Deportation / Removal
Every year, a number of people face deportation (removal) proceedings before immigration judges. The Department of Homeland Security cannot typically deport an individual without first giving that individual a change to go before an immigration judge to present his or her case.
The United States Citizenship and Immigration Services (USCIS) handles deportations and removals as part of the Department of Homeland Security (DHS). As part of the process, USCIS will send the individual in question a Notice to Appear, which will contain details of why the proceeding has been initiated. The notice will provide the date of the first hearing. USCIS is also required to provide a copy of the notice to the federal immigration court. The individual facing the removal proceeding has a right to be represented by an immigration attorney.
Reasons for Removal
There are a number of reasons the government may institute removal proceedings against an individual, including when:
- The individual may have entered the United States legally with a visa but overstayed to the point that he or she is now out of status;
- The individual may have entered the United States without a visa or without being checked by an immigration officer;
- The individual may have a green card but has a criminal conviction or is in serious trouble with the law; or
- The individual may have filed an immigration application with the USCIS to stay in the U.S. but was denied.
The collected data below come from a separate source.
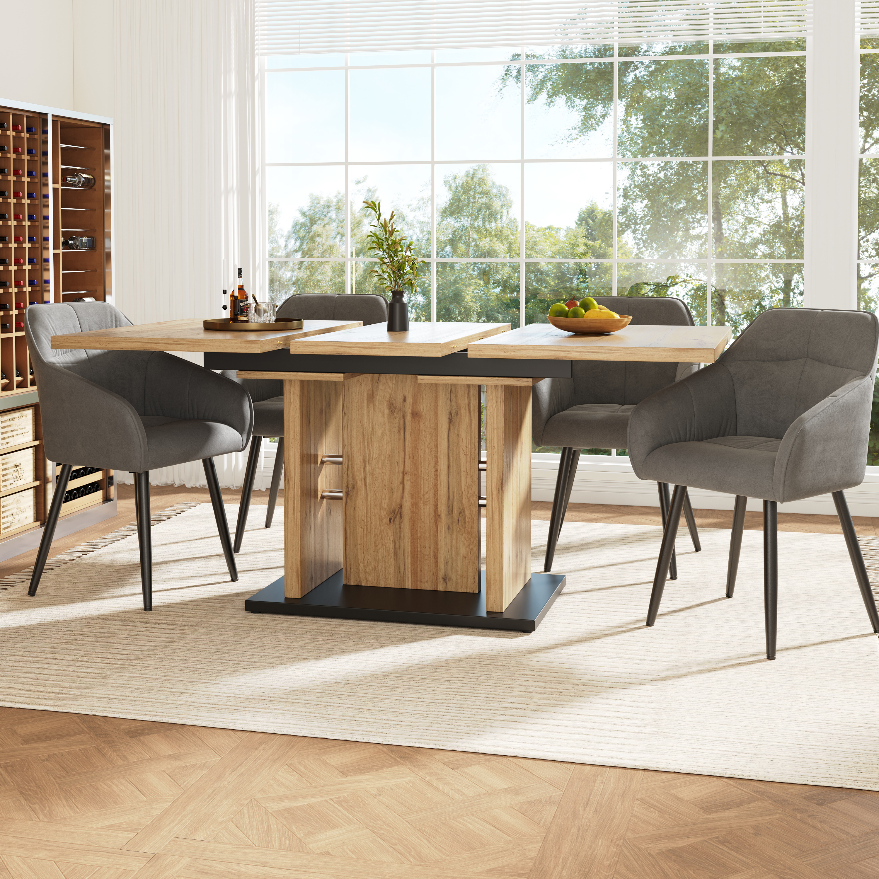 1. Table extensible pratique et spacieuse – Ce modèle offre une surface initiale de 119 x 80 cm (L x l), extensible jusqu'à 158,5 cm grâce à son mécanisme télescopique. Idéal pour accueillir confortablement 6 à 8 personnes, il s'adapte aux repas familiaux, aux dîners entre amis ou même à une utilisation comme bureau temporaire. Sa polyvalence en fait un meuble indispensable.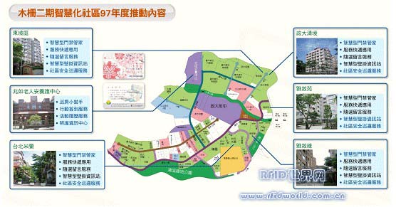 計畫于臺北市木柵二期重劃區(qū)五個居住社區(qū)以及一所老人安養(yǎng)護中心建置了「智慧巡房小幫手」、「活動履歷服務(wù)」、「智慧型門禁管家」、「智慧型壁掛資訊站」、以及「社區(qū)安全巡邏服務(wù)」等五項RFID建置系統(tǒng),使其正式成為全亞洲第一座RFID智慧化便利社區(qū),讓社區(qū)居民能在RFID的安全網(wǎng)絡(luò)之下,享受更優(yōu)質(zhì)的智慧化生活。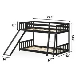 Costway Twin Over Twin Bunk Wooden Low Bed With Slide Ladder For Kids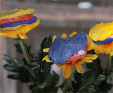 前夜から菊の花に綿をかぶせておくと、明け9日の朝には、綿は露を含んでしっとりしています。その綿で体を拭き浄め、長寿と若返りを願ったものです。「綿」といっても、木綿ではなく、蚕の繭から採った「真綿」でした。それを赤や青や黄に染め、菊に帽子のように被せたのです。確かに、清々しい菊の香りを移した、目にも彩な被綿で体を拭えば、若返るような気がします。

The initial hearing is largely procedural. The individual has a change to appear in court and ask for more time if he or she has not yet obtained an attorney. At this point, the relevant immigration officials will explain the deportation process and inform the individual of his or her rights. At the end of this meeting, an evidentiary hearing will be set for a specific date when the individual can challenge his or her deportation.
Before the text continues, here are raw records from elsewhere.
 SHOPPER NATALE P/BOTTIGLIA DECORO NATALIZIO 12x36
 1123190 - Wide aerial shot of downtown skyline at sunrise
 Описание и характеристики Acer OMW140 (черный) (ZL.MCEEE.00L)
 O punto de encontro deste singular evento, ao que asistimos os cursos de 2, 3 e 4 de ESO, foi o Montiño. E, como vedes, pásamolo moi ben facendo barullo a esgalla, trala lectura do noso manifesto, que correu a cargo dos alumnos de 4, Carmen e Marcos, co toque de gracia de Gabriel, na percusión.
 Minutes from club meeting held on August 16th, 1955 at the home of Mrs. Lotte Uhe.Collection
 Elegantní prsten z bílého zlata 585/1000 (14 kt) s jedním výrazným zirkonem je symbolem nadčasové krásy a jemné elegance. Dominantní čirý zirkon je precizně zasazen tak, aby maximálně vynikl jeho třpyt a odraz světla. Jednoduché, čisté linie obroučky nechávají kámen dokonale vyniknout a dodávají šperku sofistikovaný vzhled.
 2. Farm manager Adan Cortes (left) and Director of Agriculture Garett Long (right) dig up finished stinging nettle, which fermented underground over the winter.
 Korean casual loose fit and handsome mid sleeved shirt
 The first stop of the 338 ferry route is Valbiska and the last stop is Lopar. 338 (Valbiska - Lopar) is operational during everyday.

At the subsequent evidentiary hearing, a federal immigration judge will hear the evidence against the individual. Deportation proceedings can be a lengthy and cumbersome process. The government has the burden of proof to establish that the individual is removable from the United States by clear and convincing evidence. The standard of clear and convincing evidence requires the government to prove that its version is substantially more likely true than not. The individual will have an opportunity to defend himself or herself through evidence, witnesses, or relevant testimony. This is the most important hearing because this is when the judge will decide whether you will be deported or not.
If the government meets its burden of proof, and the judge rules against the individual facing the proceeding, that individual may appeal or have an opportunity to apply for various forms of relief from removal. Some examples of relief include adjustment of status, waivers of inadmissibility and removability, cancellation of removal, asylum, withholding of removal, legalization, and registry.
Appealing Removal Orders
An individual facing deportation can appeal an immigration judge’s ruling. An appeal must be filed within 30 days from the date of the decision with the Board of Immigration Appeals (BIA). If the BIA makes a decision that is unfavorable, the individual can further appeal it to the U.S. Court of Appeals.
An individual may also resist deportation or removal proceedings under the recently initiated deferred action (DACA) program, which applies to persons who came to the United States as children. The program applies to those currently residing in the U.S. who meet a number of criteria, including being under 30 years old, having entered the U.S. prior to the age of 16, having lived in the U.S. continuously for at least five years, and having not been convicted of a crime involving moral turpitude. In addition, the individual must be currently enrolled in an educational institution, have completed high school or its equivalent, or have served honorably in the military.